How do we look at trees for ageing? We should perhaps be looking at the tree for other indicators of age, in the same philosophic way as we could (but shouldn’t) ‘judge’ humans. Have they led a life well lived? Do the trees carry the scars of a life spent in competition and hard work helping the environment they inhabit and of which they are a vital part. Have branches been damaged, broken off and died? Is the bark split and hollowed, allowing disease and rot to begin? Is the tree a home for insects, the hollows nesting places for birds? Do the diseased parts have moss and fungi growing in and on them. Is the heart wood dying?


If we look for these things, which can only happen over many years, then a tree can be identified as a veteran or perhaps an ancient, even though it may not necessarily have the girth of a parkland tree, many of which can incidentally also be a ‘notable’ because of their position and cultural significance to a community.

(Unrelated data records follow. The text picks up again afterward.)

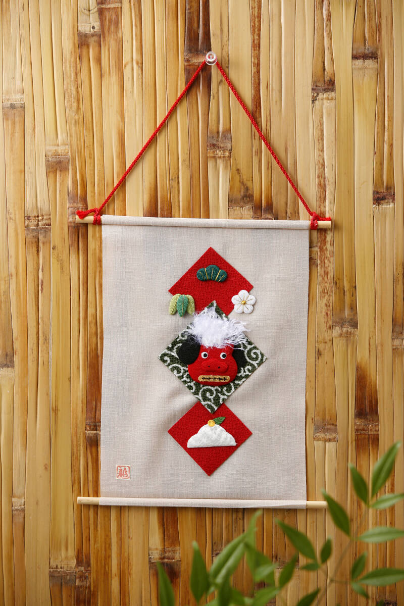 - 正月飾り ミニタペストリー 獅子 ちりめん京都龍虎作 リュウコドウ製品 新品 送料無料
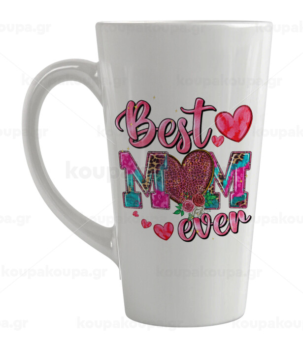 Best mom ever Mother's Day pink, Κούπα κωνική Latte Μεγάλη, κεραμική, 450ml
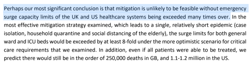 - Even less extreme measures like mitigation — which would mean that only vulnerable populations like the elderly or those with preexisting conditions socially distanced — would result in a catastrophic surge of the healthcare system.

I think all this is really Interesting, isn’t it?


Then we need to look into how different species vary. A very old Hawthorn will not have the girth of an Oak or Beech but it could be as old. The thing they will all have in common are the scars or indicators of a ‘life well lived’. For example, the Oak trees in the ‘cloud forests’ on the West Coast of Scotland  grow very slowly, twisted and gnarled, battered by winds and cold rain, covered with very slow growing mosses and lichen, which are incidentally good indicators of age, but the trees have a very small girth. So they could be much older than those in southern-counties parkland.


My lesson -  we must look at a tree in more ways than just size. Has it been significant in its habitat? Has it contributed to the environment around it? Of course it is very easily argued that every tree does just that but if we are trying to age a specimen then we have to observe more details.


Thank you for indulging me with my rambling, actual and metaphorical, as we go on this journey and I must add these thoughts are my own and that I hold no researched qualification.